EXERCISE PROMPT:
An exact copy is required of every line from the one with "Riddell Buffalo Bills" through the end of the data below, and the pictures must stay out of it.
─── PROVIDED DATA ───
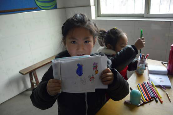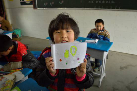 向师家村小学一年级的小朋友展示我们的美术作品以及手绘漫画
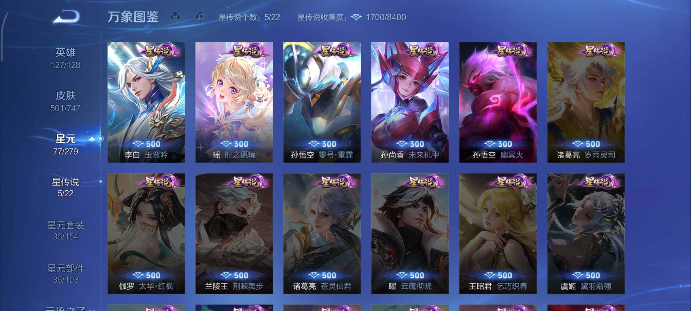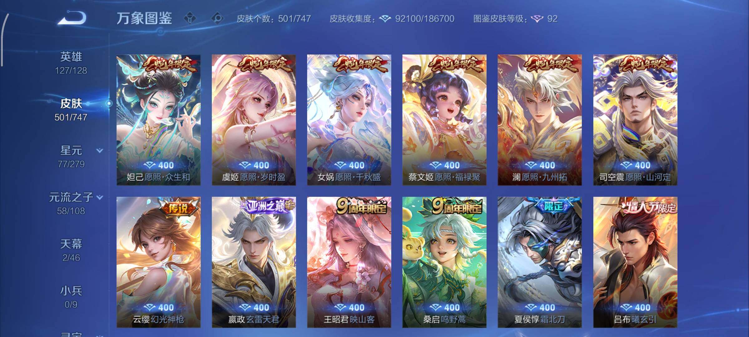 【精氪贵族v10·全皮花木兰·全皮孙悟空·全皮露娜·全皮女娲·3无双·4典藏·3珍品·61传说·缺11抽出水晶·鸿兔大展天幕·5星传说·紫瑶·玉鸾吟·千劫归真·满蛇年限定·满龙年限定·满兔年限定·满鼠年限定·满虎年限定·满五虎上将·可二次】YXw9374-安卓Q-127英雄-501皮肤-21王者印记-300铭文-贵族积分24w【贵族10】【4典藏·3无双·3珍品·5
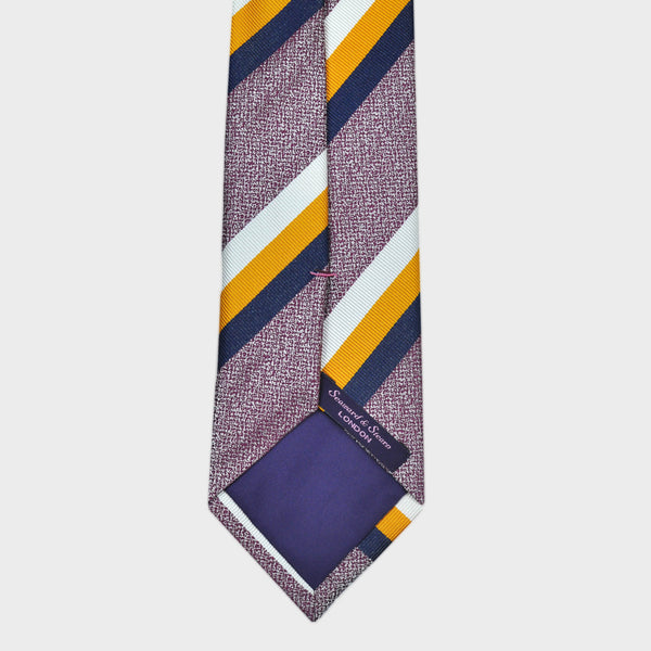 Blue, Yellow & White Reppe Stripes on Mottled Claret Tussah Silk Tie
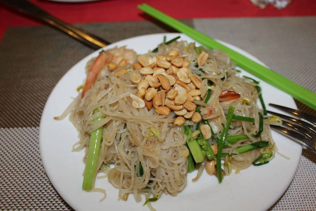 - Вторые блюда: Лок-Лак, Бай сач, Пад Тай — последнее блюдо опять же дань тайской кухне. В своё время Насте очень понравился кхмерский блин, нечто среднее между блином и омлетом с кучей начинки, дополнительной зеленью и соусом
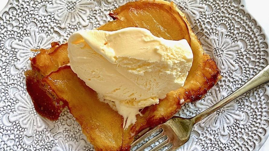 7. 焼き上がって粗熱が取れたら、オーブンシートを剥がすようにそっとひっくり返し、りんごの面を上にする。好みでバニラアイスクリームをのせても。
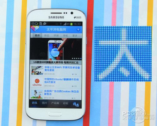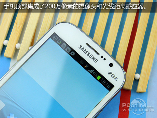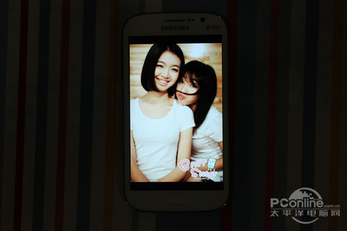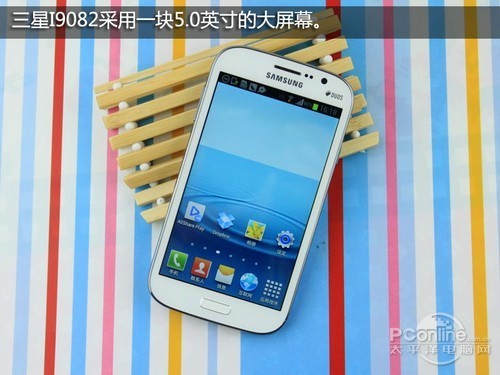 三星I9082采用的是一块5.0英寸的屏幕,分辨率为800×480,材质不再是AMOLED,而是TFT LCD,PPI为187,屏幕精细程度一般,但所幸屏幕采用的是标准RGB排列,屏幕细腻程度上有所挽回。所以虽然5.0英寸的屏幕上只分布了 800×480个像素点,但肉眼看上去这块屏幕的精细程度还是可以接受的。
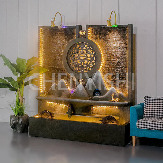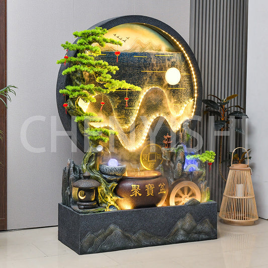 CHENYI Chinese Style Fountain Ornaments Wealth-making Feng Shui Wheel Humidifier High Mountain Circulation Waterscape Decoration
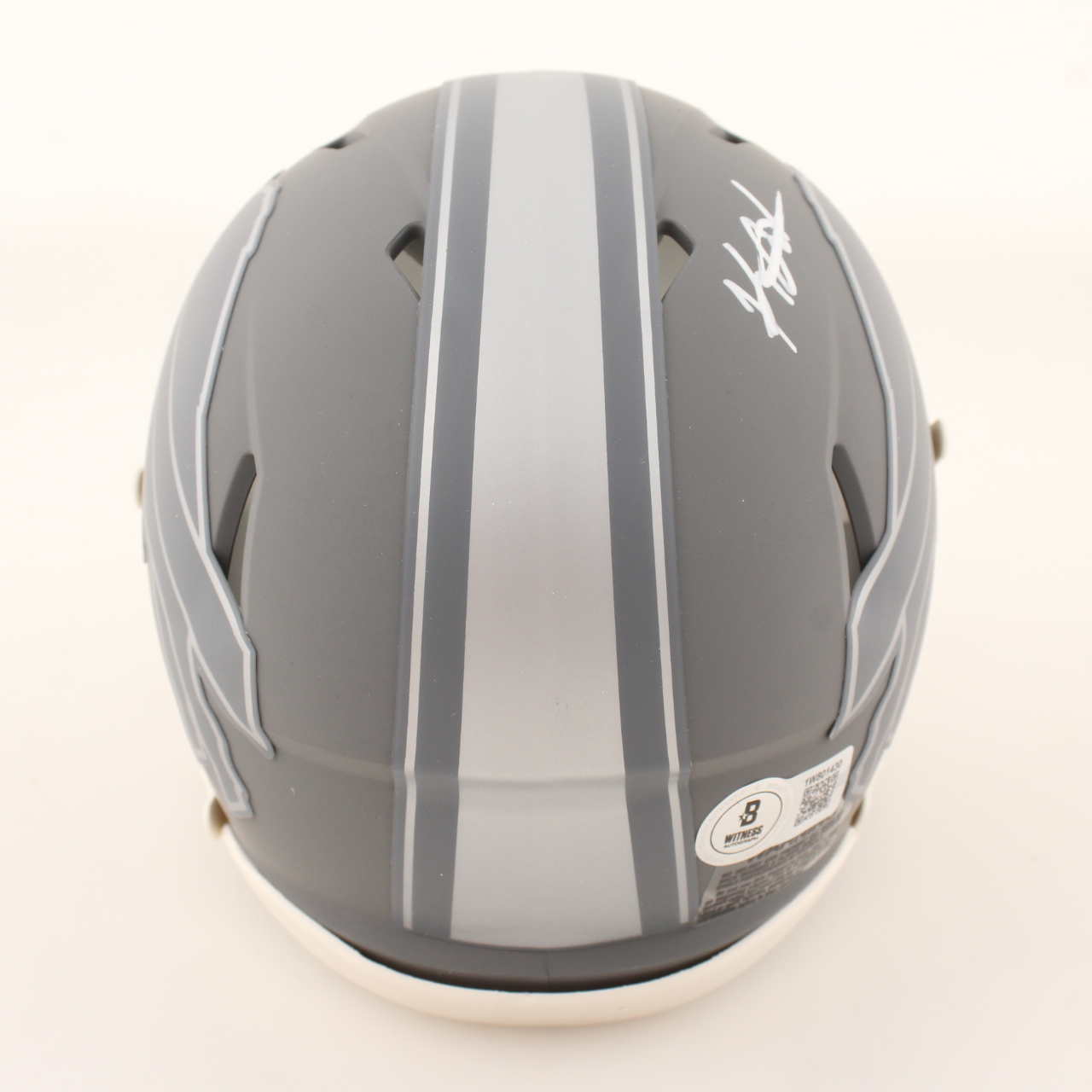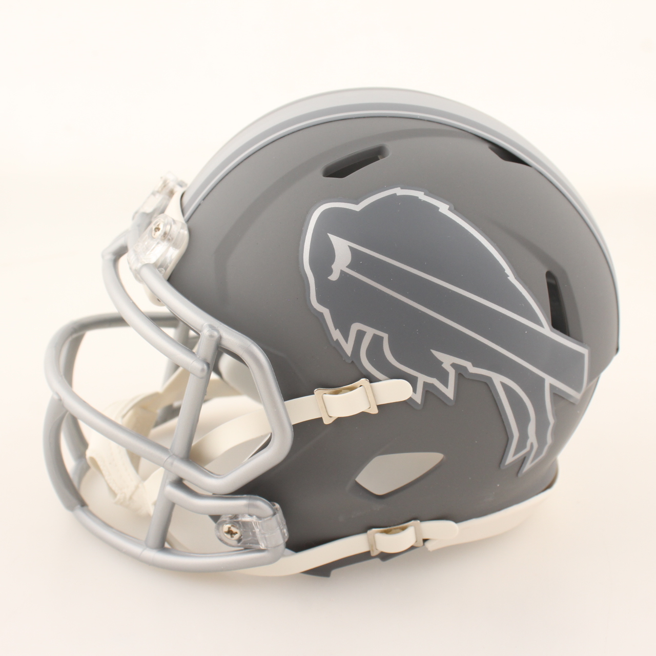 Riddell Buffalo Bills Slate Alternate Speed mini helmet. Hand-signed by Keon Coleman.
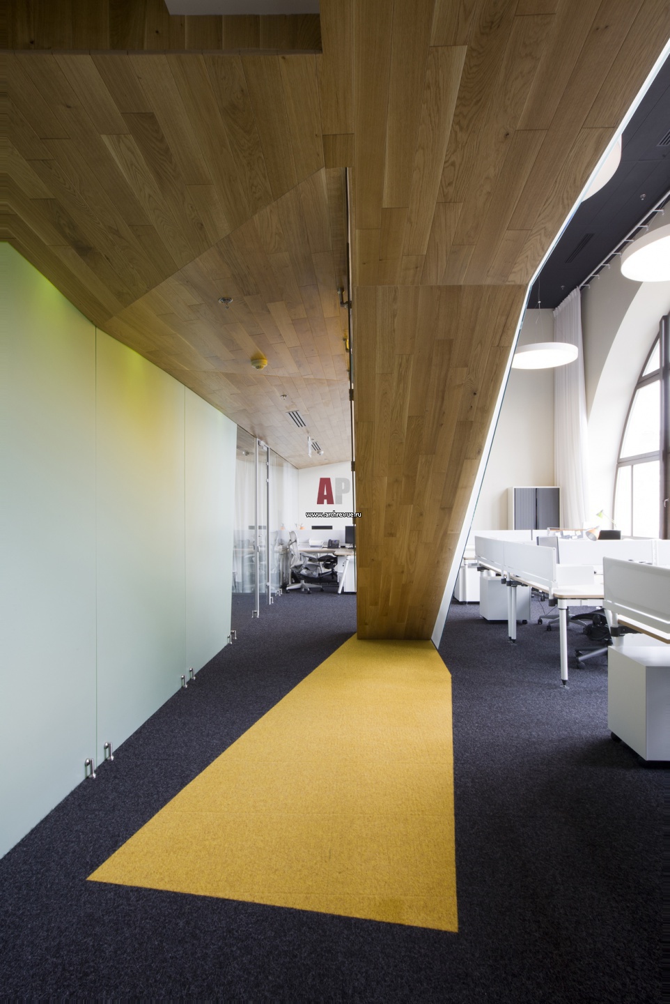 Фрагмент желтого ковролина на полу – проекция конструкции лестницы. Авторы проекта Петр Зайцев, Арсений Борисенко, архитектурное бюро za bor. Ковролин, InterFace FLOR.
───
EXPECTED ANSWER:
 Riddell Buffalo Bills Slate Alternate Speed mini helmet. Hand-signed by Keon Coleman.
 Фрагмент желтого ковролина на полу – проекция конструкции лестницы. Авторы проекта Петр Зайцев, Арсений Борисенко, архитектурное бюро za bor. Ковролин, InterFace FLOR.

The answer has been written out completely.